## What is being asked
Copy out only those lines running from the line with "Fotografie Cyclists Pass" to the end of the listing, keeping each one exactly as it is.

───

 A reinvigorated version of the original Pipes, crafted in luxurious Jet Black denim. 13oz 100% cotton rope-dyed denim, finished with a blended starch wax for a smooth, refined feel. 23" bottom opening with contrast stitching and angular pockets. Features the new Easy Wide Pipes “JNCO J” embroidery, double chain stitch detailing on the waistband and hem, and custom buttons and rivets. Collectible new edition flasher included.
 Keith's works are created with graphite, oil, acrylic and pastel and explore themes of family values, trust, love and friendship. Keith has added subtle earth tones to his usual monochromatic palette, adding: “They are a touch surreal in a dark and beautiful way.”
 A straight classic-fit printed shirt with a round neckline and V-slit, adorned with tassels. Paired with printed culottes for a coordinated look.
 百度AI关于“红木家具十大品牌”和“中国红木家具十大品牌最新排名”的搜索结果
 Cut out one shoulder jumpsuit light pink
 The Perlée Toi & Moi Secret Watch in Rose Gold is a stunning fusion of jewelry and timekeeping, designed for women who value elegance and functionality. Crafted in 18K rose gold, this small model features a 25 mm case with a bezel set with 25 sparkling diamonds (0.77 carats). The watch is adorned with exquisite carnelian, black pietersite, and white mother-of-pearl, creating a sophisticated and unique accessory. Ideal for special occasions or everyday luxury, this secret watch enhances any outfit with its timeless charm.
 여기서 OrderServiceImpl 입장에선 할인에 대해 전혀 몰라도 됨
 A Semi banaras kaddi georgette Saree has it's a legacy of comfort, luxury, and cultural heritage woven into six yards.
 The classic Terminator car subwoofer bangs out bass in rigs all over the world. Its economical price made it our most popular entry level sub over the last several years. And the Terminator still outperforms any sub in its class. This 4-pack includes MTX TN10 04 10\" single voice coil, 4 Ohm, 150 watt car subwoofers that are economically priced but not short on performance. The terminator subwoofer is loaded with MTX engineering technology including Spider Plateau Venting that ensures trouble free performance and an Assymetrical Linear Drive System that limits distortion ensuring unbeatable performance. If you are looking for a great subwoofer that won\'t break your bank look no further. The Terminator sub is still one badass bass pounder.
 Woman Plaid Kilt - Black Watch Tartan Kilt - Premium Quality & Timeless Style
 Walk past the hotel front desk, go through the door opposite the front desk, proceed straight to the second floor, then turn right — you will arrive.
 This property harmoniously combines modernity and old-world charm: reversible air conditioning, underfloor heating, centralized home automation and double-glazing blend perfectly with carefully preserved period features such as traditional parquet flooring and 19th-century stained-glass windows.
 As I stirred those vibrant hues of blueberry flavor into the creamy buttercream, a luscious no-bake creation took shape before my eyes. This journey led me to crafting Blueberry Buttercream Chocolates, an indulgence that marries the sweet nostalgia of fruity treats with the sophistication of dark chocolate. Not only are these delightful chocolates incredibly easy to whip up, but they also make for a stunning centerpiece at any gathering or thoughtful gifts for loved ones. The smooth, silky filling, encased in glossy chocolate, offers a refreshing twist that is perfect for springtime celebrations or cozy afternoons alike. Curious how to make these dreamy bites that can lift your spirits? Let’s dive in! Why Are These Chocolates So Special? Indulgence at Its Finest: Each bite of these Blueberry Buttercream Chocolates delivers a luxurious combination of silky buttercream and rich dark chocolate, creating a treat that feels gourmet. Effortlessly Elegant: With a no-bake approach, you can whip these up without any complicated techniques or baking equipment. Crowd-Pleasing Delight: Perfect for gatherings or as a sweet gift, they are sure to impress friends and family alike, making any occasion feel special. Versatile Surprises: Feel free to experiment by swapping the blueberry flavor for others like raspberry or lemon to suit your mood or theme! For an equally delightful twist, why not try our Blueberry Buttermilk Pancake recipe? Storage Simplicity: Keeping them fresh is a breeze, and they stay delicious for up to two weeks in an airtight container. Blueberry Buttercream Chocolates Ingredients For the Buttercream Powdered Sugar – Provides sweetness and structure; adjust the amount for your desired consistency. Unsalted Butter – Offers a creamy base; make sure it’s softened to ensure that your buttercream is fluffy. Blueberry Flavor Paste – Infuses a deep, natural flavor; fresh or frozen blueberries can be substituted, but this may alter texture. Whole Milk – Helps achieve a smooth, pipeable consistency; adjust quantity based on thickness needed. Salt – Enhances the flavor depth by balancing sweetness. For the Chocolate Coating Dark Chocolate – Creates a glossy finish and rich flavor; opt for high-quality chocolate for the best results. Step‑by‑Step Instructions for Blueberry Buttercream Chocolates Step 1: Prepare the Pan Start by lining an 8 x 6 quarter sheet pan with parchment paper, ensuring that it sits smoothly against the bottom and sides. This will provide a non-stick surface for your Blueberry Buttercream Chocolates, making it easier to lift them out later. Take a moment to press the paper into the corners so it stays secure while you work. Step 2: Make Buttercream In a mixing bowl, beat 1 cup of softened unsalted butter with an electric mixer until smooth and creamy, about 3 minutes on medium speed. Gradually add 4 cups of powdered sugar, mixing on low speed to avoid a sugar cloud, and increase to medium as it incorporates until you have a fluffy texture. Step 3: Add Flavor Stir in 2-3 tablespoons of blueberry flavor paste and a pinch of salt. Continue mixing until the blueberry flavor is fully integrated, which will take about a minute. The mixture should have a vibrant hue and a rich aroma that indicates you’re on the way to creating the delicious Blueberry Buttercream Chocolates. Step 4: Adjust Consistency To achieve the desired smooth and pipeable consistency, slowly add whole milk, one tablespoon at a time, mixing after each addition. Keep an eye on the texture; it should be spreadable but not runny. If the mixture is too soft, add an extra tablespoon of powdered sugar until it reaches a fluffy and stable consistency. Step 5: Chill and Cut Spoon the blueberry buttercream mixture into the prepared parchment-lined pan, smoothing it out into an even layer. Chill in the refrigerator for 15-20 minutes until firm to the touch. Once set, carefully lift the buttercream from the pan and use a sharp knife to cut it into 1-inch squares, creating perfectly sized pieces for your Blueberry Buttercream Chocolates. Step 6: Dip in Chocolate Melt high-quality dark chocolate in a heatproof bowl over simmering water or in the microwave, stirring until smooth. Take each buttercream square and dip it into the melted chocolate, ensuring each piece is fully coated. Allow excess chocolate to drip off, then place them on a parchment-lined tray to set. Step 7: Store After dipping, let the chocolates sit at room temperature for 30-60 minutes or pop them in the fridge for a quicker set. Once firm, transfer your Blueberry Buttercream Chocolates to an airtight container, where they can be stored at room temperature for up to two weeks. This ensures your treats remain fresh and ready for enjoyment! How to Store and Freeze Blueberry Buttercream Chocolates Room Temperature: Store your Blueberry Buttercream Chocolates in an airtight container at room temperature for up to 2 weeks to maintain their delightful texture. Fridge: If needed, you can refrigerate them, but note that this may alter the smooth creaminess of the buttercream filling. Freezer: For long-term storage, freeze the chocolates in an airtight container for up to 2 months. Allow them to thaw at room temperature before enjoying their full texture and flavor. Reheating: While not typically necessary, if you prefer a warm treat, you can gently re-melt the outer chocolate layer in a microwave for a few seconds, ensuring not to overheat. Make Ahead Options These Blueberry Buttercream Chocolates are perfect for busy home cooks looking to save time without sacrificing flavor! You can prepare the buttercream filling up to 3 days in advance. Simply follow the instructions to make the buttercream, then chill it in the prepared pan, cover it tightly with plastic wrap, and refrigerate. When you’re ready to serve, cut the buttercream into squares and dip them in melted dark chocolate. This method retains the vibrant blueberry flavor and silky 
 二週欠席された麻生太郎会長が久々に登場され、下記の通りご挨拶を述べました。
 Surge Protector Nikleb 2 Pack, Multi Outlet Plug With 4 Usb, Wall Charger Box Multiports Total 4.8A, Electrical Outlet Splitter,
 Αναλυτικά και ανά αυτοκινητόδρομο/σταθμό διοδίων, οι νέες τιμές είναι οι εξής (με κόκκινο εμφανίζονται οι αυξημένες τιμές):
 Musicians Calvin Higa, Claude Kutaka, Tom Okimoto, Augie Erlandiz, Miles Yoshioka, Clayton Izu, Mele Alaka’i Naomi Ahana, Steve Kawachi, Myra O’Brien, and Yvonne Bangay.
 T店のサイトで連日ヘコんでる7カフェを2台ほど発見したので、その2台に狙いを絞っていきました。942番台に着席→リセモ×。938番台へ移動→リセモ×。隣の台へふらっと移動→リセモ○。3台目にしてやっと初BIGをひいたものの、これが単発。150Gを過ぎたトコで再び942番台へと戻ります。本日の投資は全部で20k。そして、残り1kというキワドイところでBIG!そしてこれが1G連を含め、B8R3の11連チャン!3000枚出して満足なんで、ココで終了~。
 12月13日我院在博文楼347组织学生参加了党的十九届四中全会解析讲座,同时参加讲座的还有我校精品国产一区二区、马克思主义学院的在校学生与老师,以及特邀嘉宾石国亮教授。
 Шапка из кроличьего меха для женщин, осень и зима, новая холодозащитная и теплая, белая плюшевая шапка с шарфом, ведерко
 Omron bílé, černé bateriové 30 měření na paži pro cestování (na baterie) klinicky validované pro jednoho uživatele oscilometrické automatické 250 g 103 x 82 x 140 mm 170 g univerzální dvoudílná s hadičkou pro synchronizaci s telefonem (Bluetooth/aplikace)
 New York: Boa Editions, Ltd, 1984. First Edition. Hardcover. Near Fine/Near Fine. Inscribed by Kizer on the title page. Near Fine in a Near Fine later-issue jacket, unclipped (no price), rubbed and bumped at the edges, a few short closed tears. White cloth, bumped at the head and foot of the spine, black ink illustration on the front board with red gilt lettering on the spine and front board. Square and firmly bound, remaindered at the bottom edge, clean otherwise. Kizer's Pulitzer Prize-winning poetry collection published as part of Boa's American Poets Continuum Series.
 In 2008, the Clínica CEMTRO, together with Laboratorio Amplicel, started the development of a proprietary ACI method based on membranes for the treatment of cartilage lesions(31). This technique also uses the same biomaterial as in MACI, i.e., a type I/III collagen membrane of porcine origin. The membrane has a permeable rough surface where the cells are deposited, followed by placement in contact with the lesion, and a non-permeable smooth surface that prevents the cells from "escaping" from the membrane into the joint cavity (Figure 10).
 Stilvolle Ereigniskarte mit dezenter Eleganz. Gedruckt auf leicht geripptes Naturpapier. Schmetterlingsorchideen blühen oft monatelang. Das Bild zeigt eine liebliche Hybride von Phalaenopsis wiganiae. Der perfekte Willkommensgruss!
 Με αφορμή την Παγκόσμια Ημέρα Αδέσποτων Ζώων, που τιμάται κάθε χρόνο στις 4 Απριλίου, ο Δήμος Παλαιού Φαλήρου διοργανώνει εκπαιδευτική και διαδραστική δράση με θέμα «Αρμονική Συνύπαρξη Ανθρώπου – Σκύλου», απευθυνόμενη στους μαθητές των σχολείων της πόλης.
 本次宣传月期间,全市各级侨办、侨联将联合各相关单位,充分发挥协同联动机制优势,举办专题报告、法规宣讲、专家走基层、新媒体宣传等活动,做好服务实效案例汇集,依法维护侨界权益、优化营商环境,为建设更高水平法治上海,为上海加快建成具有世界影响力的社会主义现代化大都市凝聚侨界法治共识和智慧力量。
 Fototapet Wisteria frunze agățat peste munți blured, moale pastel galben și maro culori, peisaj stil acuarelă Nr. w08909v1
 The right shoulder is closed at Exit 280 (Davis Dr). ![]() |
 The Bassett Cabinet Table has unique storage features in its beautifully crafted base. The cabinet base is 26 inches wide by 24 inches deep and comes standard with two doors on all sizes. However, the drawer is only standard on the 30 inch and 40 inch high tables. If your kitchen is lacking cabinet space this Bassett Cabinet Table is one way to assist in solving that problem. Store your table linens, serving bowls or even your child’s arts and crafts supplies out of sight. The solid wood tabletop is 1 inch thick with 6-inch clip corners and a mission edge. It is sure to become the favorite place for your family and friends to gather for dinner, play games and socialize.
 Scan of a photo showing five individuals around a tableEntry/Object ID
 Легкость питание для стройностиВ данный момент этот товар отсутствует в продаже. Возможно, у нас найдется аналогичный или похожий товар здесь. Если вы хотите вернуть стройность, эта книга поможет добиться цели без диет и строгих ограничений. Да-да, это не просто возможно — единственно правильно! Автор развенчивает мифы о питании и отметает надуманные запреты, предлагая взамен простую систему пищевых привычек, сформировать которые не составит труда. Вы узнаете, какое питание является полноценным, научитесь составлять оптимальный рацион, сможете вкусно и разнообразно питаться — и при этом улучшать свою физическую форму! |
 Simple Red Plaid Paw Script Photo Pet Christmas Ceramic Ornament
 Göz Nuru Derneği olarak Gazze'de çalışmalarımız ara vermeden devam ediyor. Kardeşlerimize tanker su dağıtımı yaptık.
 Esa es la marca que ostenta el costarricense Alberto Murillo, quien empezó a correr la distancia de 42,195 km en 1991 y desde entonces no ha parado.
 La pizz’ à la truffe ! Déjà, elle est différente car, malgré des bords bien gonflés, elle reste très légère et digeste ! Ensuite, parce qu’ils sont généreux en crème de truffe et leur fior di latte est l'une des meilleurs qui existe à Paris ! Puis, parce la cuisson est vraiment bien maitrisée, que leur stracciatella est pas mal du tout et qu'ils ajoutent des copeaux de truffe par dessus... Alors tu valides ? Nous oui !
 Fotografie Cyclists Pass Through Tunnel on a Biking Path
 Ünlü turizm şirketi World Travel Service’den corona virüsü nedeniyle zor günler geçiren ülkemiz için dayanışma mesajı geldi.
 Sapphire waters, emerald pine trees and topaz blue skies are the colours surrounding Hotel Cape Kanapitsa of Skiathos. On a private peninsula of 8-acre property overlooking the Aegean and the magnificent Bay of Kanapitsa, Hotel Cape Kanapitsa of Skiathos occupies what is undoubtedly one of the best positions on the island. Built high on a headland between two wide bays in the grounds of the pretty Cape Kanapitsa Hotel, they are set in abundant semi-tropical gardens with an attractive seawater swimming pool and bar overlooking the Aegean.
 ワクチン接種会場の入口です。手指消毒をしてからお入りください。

───

## Answer space
 Fotografie Cyclists Pass Through Tunnel on a Biking Path
 Ünlü turizm şirketi World Travel Service’den corona virüsü nedeniyle zor günler geçiren ülkemiz için dayanışma mesajı geldi.
 Sapphire waters, emerald pine trees and topaz blue skies are the colours surrounding Hotel Cape Kanapitsa of Skiathos. On a private peninsula of 8-acre property overlooking the Aegean and the magnificent Bay of Kanapitsa, Hotel Cape Kanapitsa of Skiathos occupies what is undoubtedly one of the best positions on the island. Built high on a headland between two wide bays in the grounds of the pretty Cape Kanapitsa Hotel, they are set in abundant semi-tropical gardens with an attractive seawater swimming pool and bar overlooking the Aegean.
 ワクチン接種会場の入口です。手指消毒をしてからお入りください。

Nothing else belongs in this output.